AIM OF THE EXERCISE: Only the lines below starting at the one that contains "Diese äußerst interessante" and ending at the one that contains "심지어 저 여자는 뭔" are to be reproduced, exactly and with both ends kept.
[[ EXERCISE INPUTS, beginning ]]
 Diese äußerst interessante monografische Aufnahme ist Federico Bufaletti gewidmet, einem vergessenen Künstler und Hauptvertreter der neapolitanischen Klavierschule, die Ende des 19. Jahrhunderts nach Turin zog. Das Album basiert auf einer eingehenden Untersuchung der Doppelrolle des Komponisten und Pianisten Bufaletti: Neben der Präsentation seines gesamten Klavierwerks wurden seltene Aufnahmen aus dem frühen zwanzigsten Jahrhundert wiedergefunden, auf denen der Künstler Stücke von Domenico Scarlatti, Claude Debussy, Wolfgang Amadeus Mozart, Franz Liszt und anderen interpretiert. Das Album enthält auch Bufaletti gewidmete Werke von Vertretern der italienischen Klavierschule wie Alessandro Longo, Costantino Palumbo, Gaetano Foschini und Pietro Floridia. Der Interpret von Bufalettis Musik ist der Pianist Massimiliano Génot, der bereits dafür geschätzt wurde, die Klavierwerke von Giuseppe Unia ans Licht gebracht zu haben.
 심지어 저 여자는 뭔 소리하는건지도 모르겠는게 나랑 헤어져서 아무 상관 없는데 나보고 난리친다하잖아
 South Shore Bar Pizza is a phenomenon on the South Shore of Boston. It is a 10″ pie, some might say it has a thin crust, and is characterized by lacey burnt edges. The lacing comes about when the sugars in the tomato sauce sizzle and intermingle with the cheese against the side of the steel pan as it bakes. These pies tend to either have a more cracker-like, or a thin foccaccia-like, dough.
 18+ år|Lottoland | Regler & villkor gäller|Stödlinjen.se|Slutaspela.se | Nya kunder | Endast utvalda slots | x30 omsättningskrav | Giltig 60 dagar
[[ EXERCISE INPUTS, end ]]
[[ EXERCISE INPUTS, beginning ]]
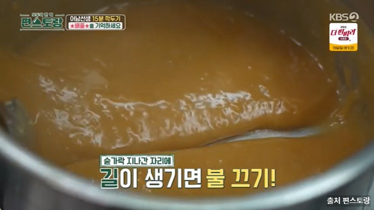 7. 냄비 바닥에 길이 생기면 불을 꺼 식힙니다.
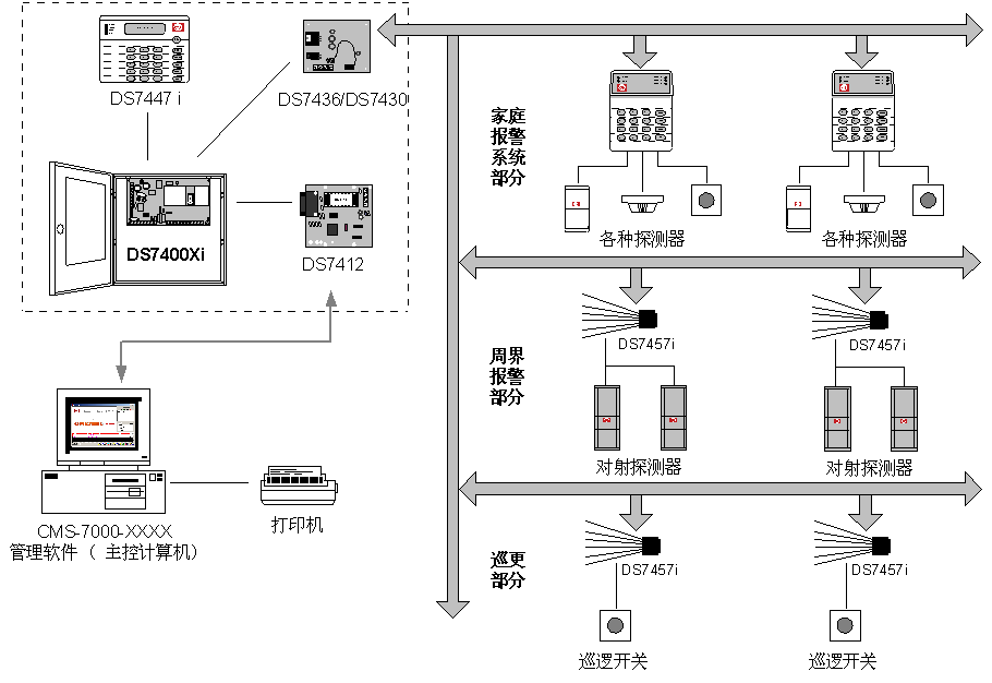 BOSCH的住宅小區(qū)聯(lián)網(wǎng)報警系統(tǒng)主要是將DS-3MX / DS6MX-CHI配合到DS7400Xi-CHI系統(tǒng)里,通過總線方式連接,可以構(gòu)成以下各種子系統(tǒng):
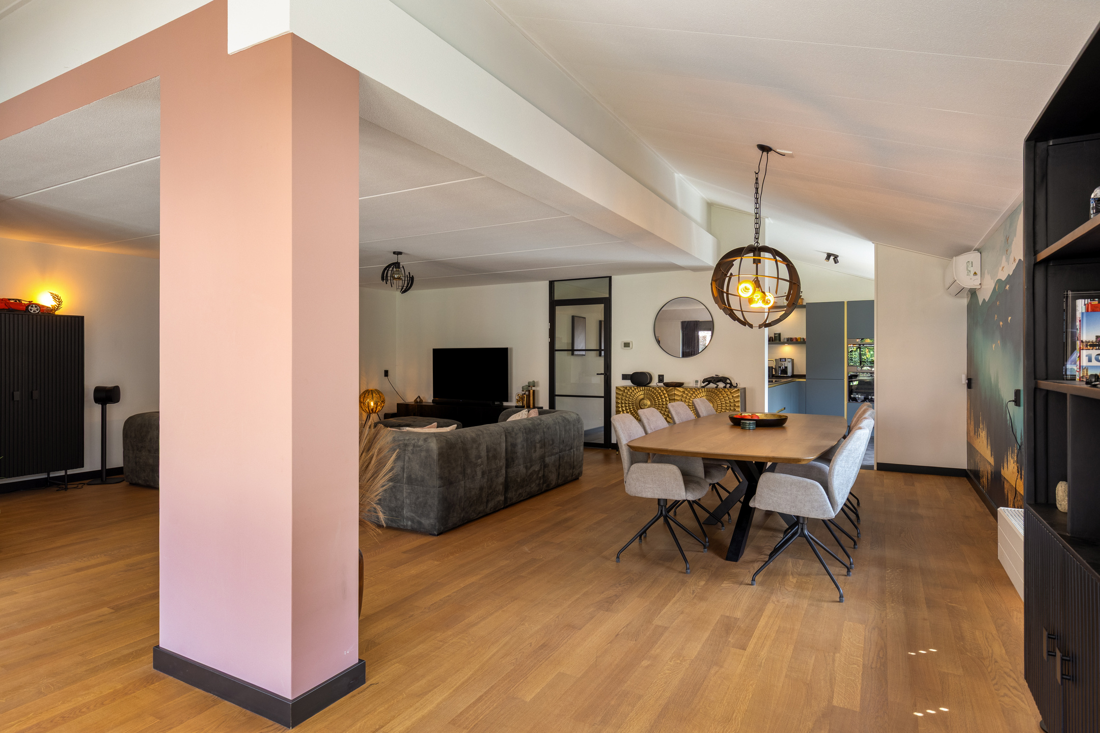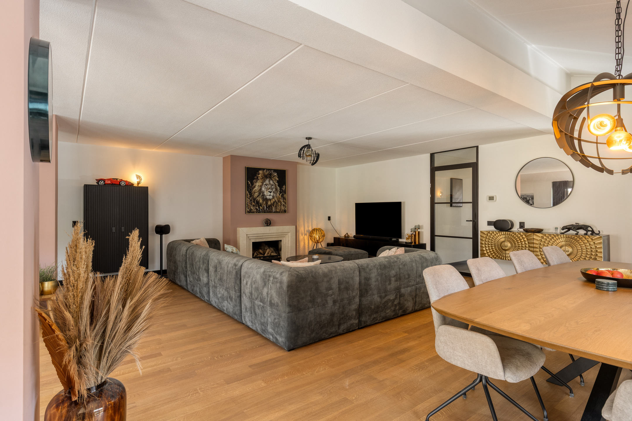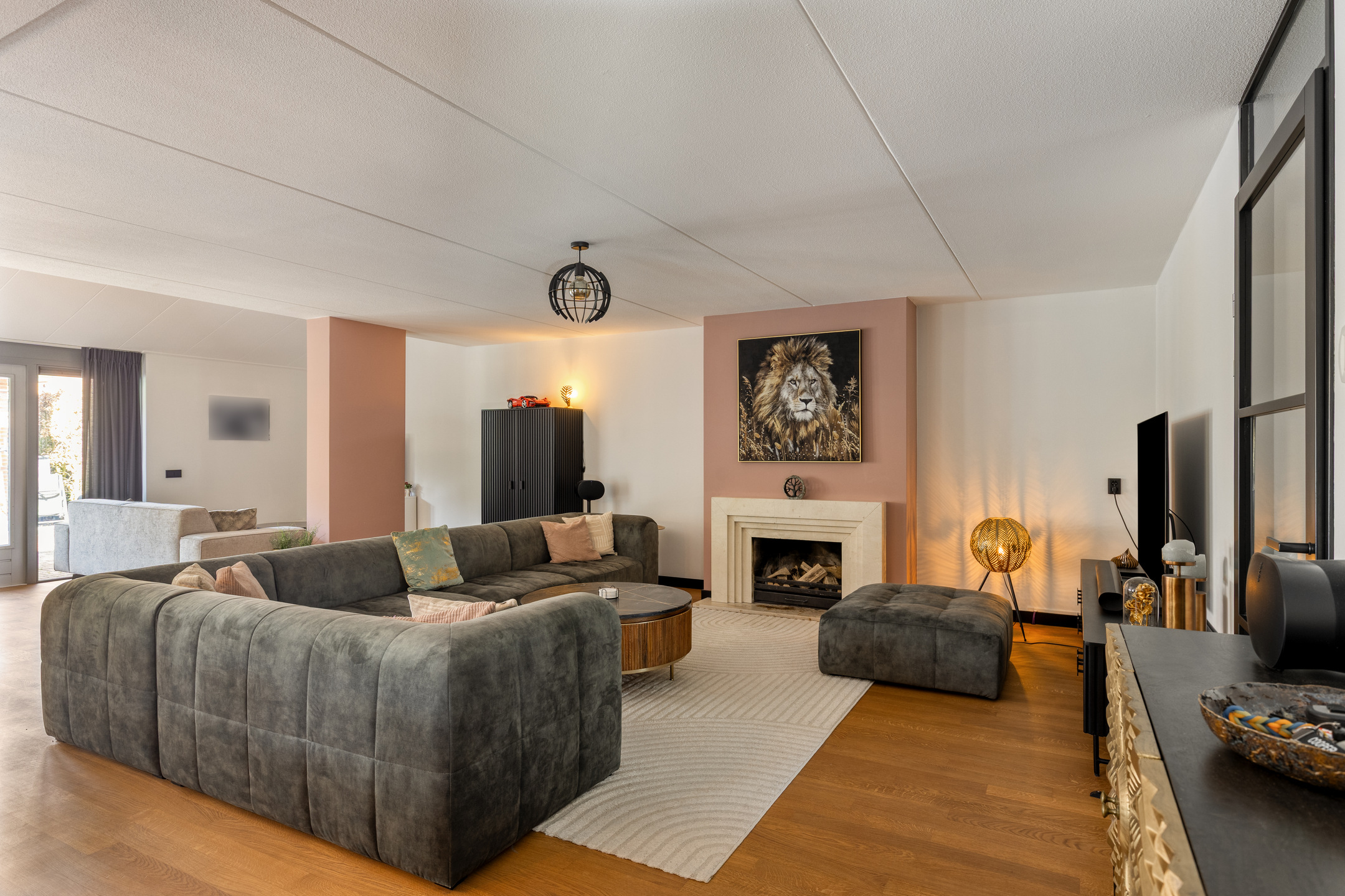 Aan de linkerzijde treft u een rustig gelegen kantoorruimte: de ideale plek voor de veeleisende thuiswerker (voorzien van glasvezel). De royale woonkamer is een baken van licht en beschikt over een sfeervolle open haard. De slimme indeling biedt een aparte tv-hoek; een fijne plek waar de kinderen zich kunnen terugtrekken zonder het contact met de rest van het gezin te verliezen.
[[ EXERCISE INPUTS, end ]]
RESPONSE TO THE TASK:
 Diese äußerst interessante monografische Aufnahme ist Federico Bufaletti gewidmet, einem vergessenen Künstler und Hauptvertreter der neapolitanischen Klavierschule, die Ende des 19. Jahrhunderts nach Turin zog. Das Album basiert auf einer eingehenden Untersuchung der Doppelrolle des Komponisten und Pianisten Bufaletti: Neben der Präsentation seines gesamten Klavierwerks wurden seltene Aufnahmen aus dem frühen zwanzigsten Jahrhundert wiedergefunden, auf denen der Künstler Stücke von Domenico Scarlatti, Claude Debussy, Wolfgang Amadeus Mozart, Franz Liszt und anderen interpretiert. Das Album enthält auch Bufaletti gewidmete Werke von Vertretern der italienischen Klavierschule wie Alessandro Longo, Costantino Palumbo, Gaetano Foschini und Pietro Floridia. Der Interpret von Bufalettis Musik ist der Pianist Massimiliano Génot, der bereits dafür geschätzt wurde, die Klavierwerke von Giuseppe Unia ans Licht gebracht zu haben.
 심지어 저 여자는 뭔 소리하는건지도 모르겠는게 나랑 헤어져서 아무 상관 없는데 나보고 난리친다하잖아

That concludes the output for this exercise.